# Piranha Feeding



## Mattpersico98 (Sep 21, 2014)

Hey Guys, 
I plan on getting a 90 gallon tank setup with 9 piranhas, the guy selling it to me has been feeding the piranhas hikari pellets and live goldfish. I am thinking of changing this because going to the pet store once a week to buy 2 dozen goldfish is a bit much for me. I know they should have some live food, so I will feed them live food sometimes, like once a month or so. But, how do you guys feel about feeding them frozen or thawed out haddock. I read that it is good to feed them white meat fish, like haddock, so could this work or will they not eat it because they've been on a different diet.


----------



## BillD (Jun 5, 2006)

Should work. Years ago, Oshawa Aquarium had one that grew to 5 lbs, fed mostly beef heart. Pollack would be cheaper than haddock.
How big are these fish? A 90 seems awfully small for 9.


----------



## Mattpersico98 (Sep 21, 2014)

They are all 5-7 inches long. I don't think it will be a big deal as they have been living in the tank together for 2 yeas. I will get a larger tank as they get bigger, but for now I think this will be fine


----------



## Kimchi24 (Mar 22, 2013)

In all honesty, 9 is a great number to have. It really depends on the footprint and a 90 gallon just doesnt provide it. 9 fish at 5-7 inches is too much for 4 feet. I say, get a 6 foot tank and then they are good. I highly suggest upgrading soon. 

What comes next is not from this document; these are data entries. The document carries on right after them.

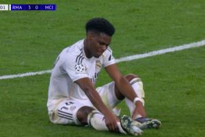 體育資訊03月12日訊 皇馬vs曼城,瓊阿梅尼第64分鐘受傷,在場邊接受治療,隨后暫時回到了比賽!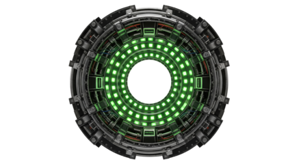 White rectangular box with green stripe and colorful led lights isolated on transparent background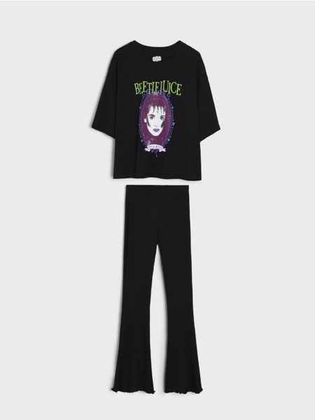 Sinsay – Piżama dwuczęściowa Beetlejuice – czarny – spodnie z gumką w pasie,szerokie, surowo wykończone nogawki,koszulka o luźnym kroju,ozdobny nadruk z przodu,100% bawełna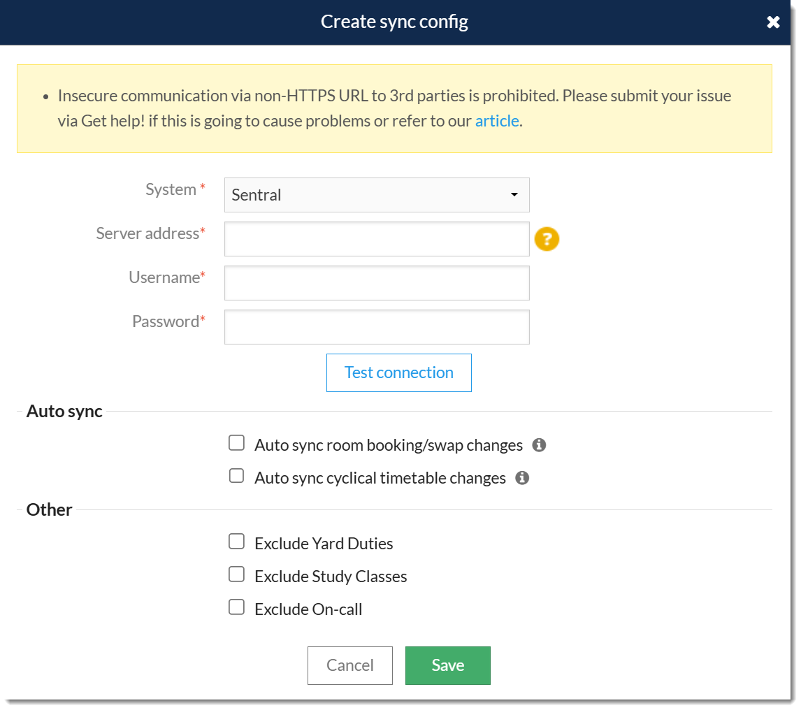 - Enter your Sentral credentials. Please contact Sentral if you're unsure about these details.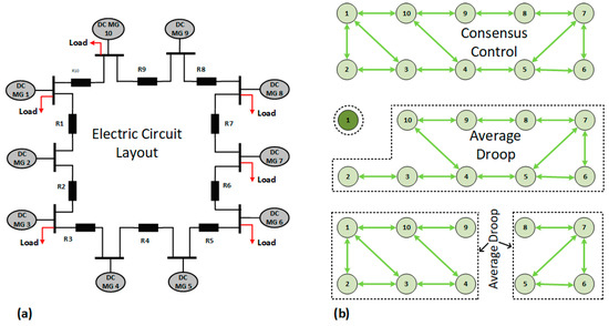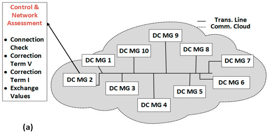 System diagram: (a) connection of ten-node DC MG; (b) communication scenarios.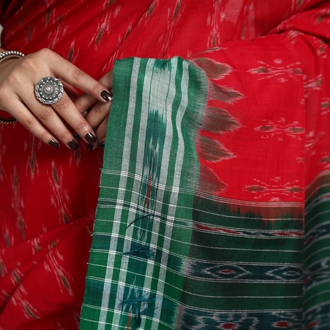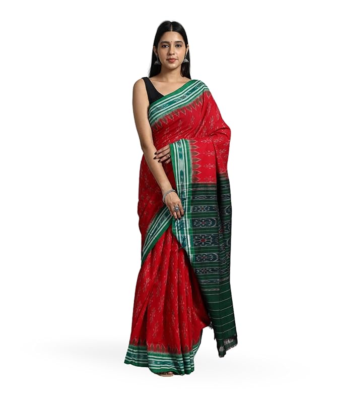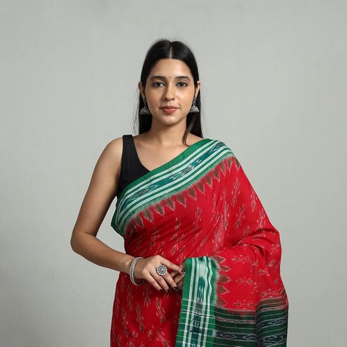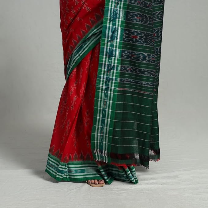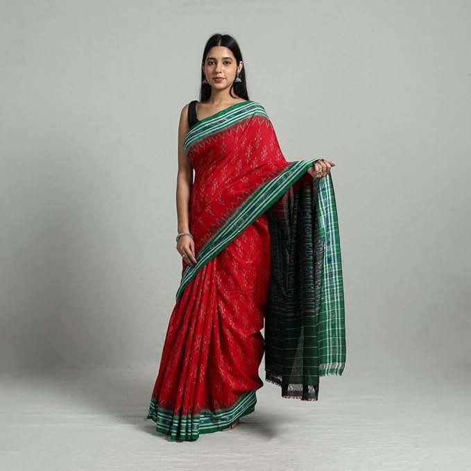 Odisha Sambalpuri Handloom Ikat Women's Cotton Saree Traditional Craftsmanship Double Ikat Weaving Floral and Rich Cultural Handmade Ethnic Saree for Women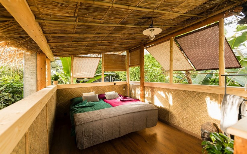 Die Kurzferien in den Tropen, inmitten des Berner Oberlandes, werden in einem eigenen Häuschen, im Thai-Stil, verbracht. Während das Erdgeschoss mit einem kleinen Sitzplatz und Hängematte zum Verweilen einlädt, schläft es sich im ersten Stock im offenen Holzambiente wunderbar. Ausgestattet ist das tropische Idyll mit einem grosszügigen Bett, Ventilator, Jalousien und einer Regendusche. [IMG 5]

Any who, I have done a LOT of research because I wanted to keep piranhas at a certain point of time. I have heard people giving them pellets but it is rare. The general consensus is tilapia. But realistically, any cheap whitefish you can find is good. Goldfish is not the best option for them. Unless you have a massive indoor pond for feeder breeding, feeding them live isnt going to cut it. Go for the haddock or any whitefish and supplement them on a different fish NOT GOLDFISH. perhaps, under your tank, place a breeding pair of convicts. They will breed and give u the occasional live feeder as a treat.


----------